= Dataset excerpts =
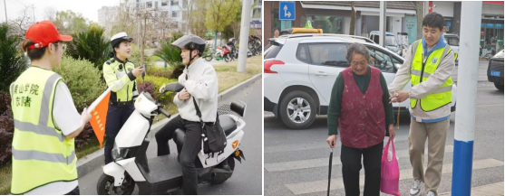 在晚高峰时的交通路口,化学化工学院的志愿者们头戴小红帽、手持文明交通劝导旗,协助交警维护交通秩序。本次文明交通劝导活动持续了整整一个月,每天从早高峰到晚高峰,共有25名志愿者参与其中。他们累计服务时长达到123小时,耐心地提醒行人遵守交通规则,对闯红灯、乱穿马路等不文明行为进行劝阻多达128次;帮助老弱病残孕等特殊群体安全过马路38次。无论是烈日当空还是微风细雨,志愿者们始终坚守岗位,用自己的热情和耐心为城市交通文明贡献力量,成为街头一道亮丽的风景线,引导市民共同营造安全、有序、文明的出行环境。
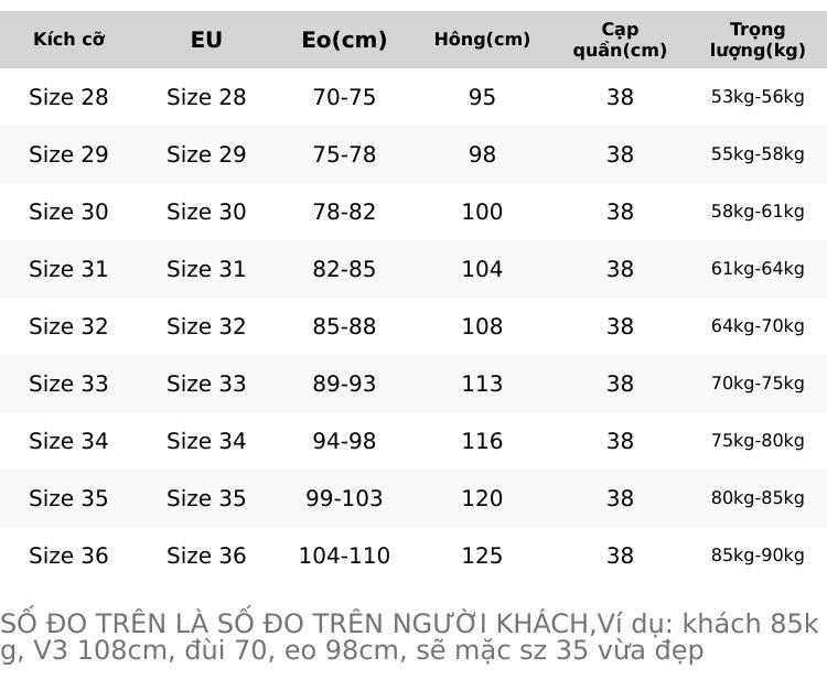 BẢNG SIZE
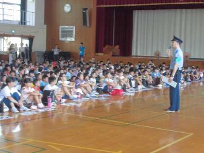 右京警察署の方,右京防犯推進委員会の椿原さん,地域委員さんの方々に来ていただき,町別集会を行いました。それぞれお話をいただき,集団下校時には,下校時にちかくにある子ども110番の家を確認しながら下校しました。
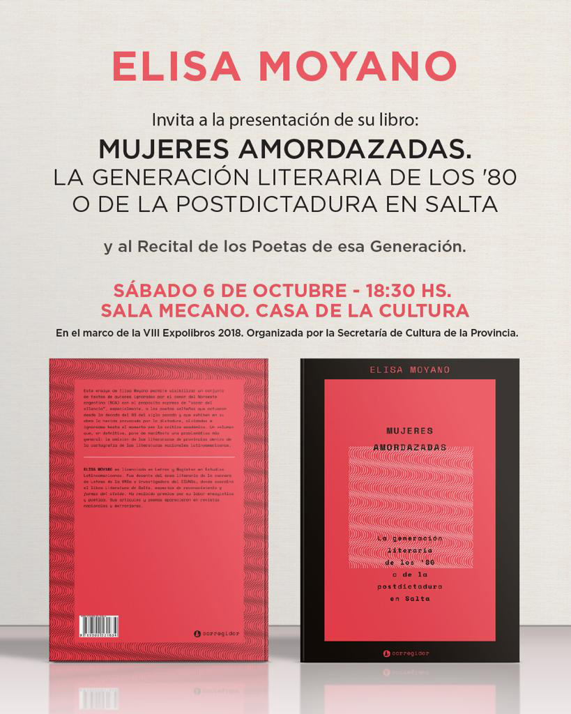 También se muestran fotos de presentaciones de libros individuales de Elisa Moyano como la de Mujeres amordazadas. La generación literaria de los ’80 o de la post-dictadura en Salta, ocurrida en Tucumán que tuvo como presentadoras a Liliana Massara y a Raquel Guzmán. La presentación salteña de ese libro fue un macro evento que contó con dos presentadoras Raquel Guzmán y Josefina Soria y un significativo grupo de escritores de aquellos años: Antonio Gutiérrez, Liliana Bellone, Marta Shwarz, Emilia Virginia Acosta, Belén Alemán, Raúl Rojas, Víctor Hugo Lellín (salteños, aparecen en la foto). También Marcelo Sutti, Pablo Baca (jujeño) y Manuel Martínez Novillo (tucumano) que aparecen en el video. Aparecen fotos de las cinco presentaciones del poemario El libro de las antepasadas: en el Abril Cultural salteño, en la Feria del libro de Buenos aires, en el Museo José Antonio Terry de Tilcara Provincia de Jujuy, en el Café Triumph de Villa San Lorenzo (2019) y finalmente una en el Congreso Nacional de Literatura Argentina en San Salvador de Jujuy en 2022.
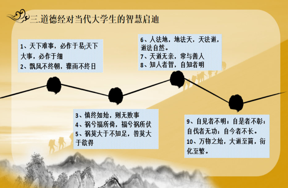 唐副教授重点对《道德经》进行了三个方面的导学:一是介绍《道德经》及其作者;二是解读《道德经》的重点章节,三是分享感悟:道德经对当代大学生具有启迪的智慧。在第二部分导读重点章节时,主要是学习原文,讲解译文,拓展阐释。通过原文与译文的对照解释,力图帮助克服害怕古文晦涩难懂的心理障碍,提升同学们阅读理解原文的能力。而在拓展阐释时,引导同学们要联系当代社会现实的思想渊源以加深对内容的认知与理解,重点突出传统经典中的名言名句在指导大学生做人做事时的现实指导意义,并强调辩证地分析与对待经典中的部分观点,注重创新性的转化与运用。
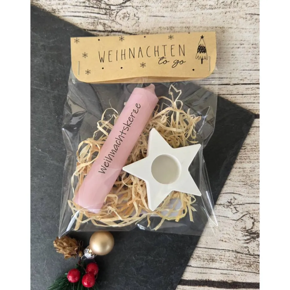Das Tütchen enthält ein Stabkerze samt passendem Stern-Kerzenhalter und ist liebevoll verpackt.
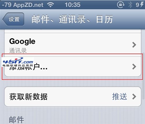 6.帳戶添加完成之後回到設置 -> 郵件、通訊錄、日歷,點擊獲取新數據
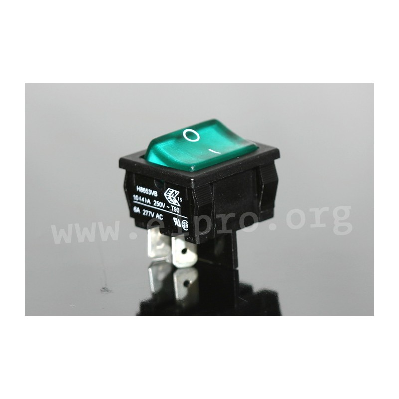 13364 WNX 13 H8653VBNBP H8653VBNBP for 22x19mm panel cutouts. * 2-pole version* with connector 4.8x0.8mm* operating voltage, max.: 250V AC* switching current, max.: 10A* switching current at inductive load, max.: 4A* inrush current (EN61058-1): 25A* insulation resistance: &gt;20MΩ* contact resistance (New State, 12V DC/1A): &lt;100mΩ* contact opening width: &lt;3mm* soldering conditions (hand soldering): 350°C/6s* materialsshell and rocker: nylon 6.6illuminated rocker: polycarbonate* current-carrying part: Cu alloy* contacts: silver-plated* flammability class: UL94V2suitable protective caps: WNX 16

= Aim of the exercise =
Output each line exactly as shown above; no pictures go in the copy.

= Task solution =
 在晚高峰时的交通路口,化学化工学院的志愿者们头戴小红帽、手持文明交通劝导旗,协助交警维护交通秩序。本次文明交通劝导活动持续了整整一个月,每天从早高峰到晚高峰,共有25名志愿者参与其中。他们累计服务时长达到123小时,耐心地提醒行人遵守交通规则,对闯红灯、乱穿马路等不文明行为进行劝阻多达128次;帮助老弱病残孕等特殊群体安全过马路38次。无论是烈日当空还是微风细雨,志愿者们始终坚守岗位,用自己的热情和耐心为城市交通文明贡献力量,成为街头一道亮丽的风景线,引导市民共同营造安全、有序、文明的出行环境。
 BẢNG SIZE
 右京警察署の方,右京防犯推進委員会の椿原さん,地域委員さんの方々に来ていただき,町別集会を行いました。それぞれお話をいただき,集団下校時には,下校時にちかくにある子ども110番の家を確認しながら下校しました。
 También se muestran fotos de presentaciones de libros individuales de Elisa Moyano como la de Mujeres amordazadas. La generación literaria de los ’80 o de la post-dictadura en Salta, ocurrida en Tucumán que tuvo como presentadoras a Liliana Massara y a Raquel Guzmán. La presentación salteña de ese libro fue un macro evento que contó con dos presentadoras Raquel Guzmán y Josefina Soria y un significativo grupo de escritores de aquellos años: Antonio Gutiérrez, Liliana Bellone, Marta Shwarz, Emilia Virginia Acosta, Belén Alemán, Raúl Rojas, Víctor Hugo Lellín (salteños, aparecen en la foto). También Marcelo Sutti, Pablo Baca (jujeño) y Manuel Martínez Novillo (tucumano) que aparecen en el video. Aparecen fotos de las cinco presentaciones del poemario El libro de las antepasadas: en el Abril Cultural salteño, en la Feria del libro de Buenos aires, en el Museo José Antonio Terry de Tilcara Provincia de Jujuy, en el Café Triumph de Villa San Lorenzo (2019) y finalmente una en el Congreso Nacional de Literatura Argentina en San Salvador de Jujuy en 2022.
 唐副教授重点对《道德经》进行了三个方面的导学:一是介绍《道德经》及其作者;二是解读《道德经》的重点章节,三是分享感悟:道德经对当代大学生具有启迪的智慧。在第二部分导读重点章节时,主要是学习原文,讲解译文,拓展阐释。通过原文与译文的对照解释,力图帮助克服害怕古文晦涩难懂的心理障碍,提升同学们阅读理解原文的能力。而在拓展阐释时,引导同学们要联系当代社会现实的思想渊源以加深对内容的认知与理解,重点突出传统经典中的名言名句在指导大学生做人做事时的现实指导意义,并强调辩证地分析与对待经典中的部分观点,注重创新性的转化与运用。
Das Tütchen enthält ein Stabkerze samt passendem Stern-Kerzenhalter und ist liebevoll verpackt.
 6.帳戶添加完成之後回到設置 -> 郵件、通訊錄、日歷,點擊獲取新數據
 13364 WNX 13 H8653VBNBP H8653VBNBP for 22x19mm panel cutouts. * 2-pole version* with connector 4.8x0.8mm* operating voltage, max.: 250V AC* switching current, max.: 10A* switching current at inductive load, max.: 4A* inrush current (EN61058-1): 25A* insulation resistance: &gt;20MΩ* contact resistance (New State, 12V DC/1A): &lt;100mΩ* contact opening width: &lt;3mm* soldering conditions (hand soldering): 350°C/6s* materialsshell and rocker: nylon 6.6illuminated rocker: polycarbonate* current-carrying part: Cu alloy* contacts: silver-plated* flammability class: UL94V2suitable protective caps: WNX 16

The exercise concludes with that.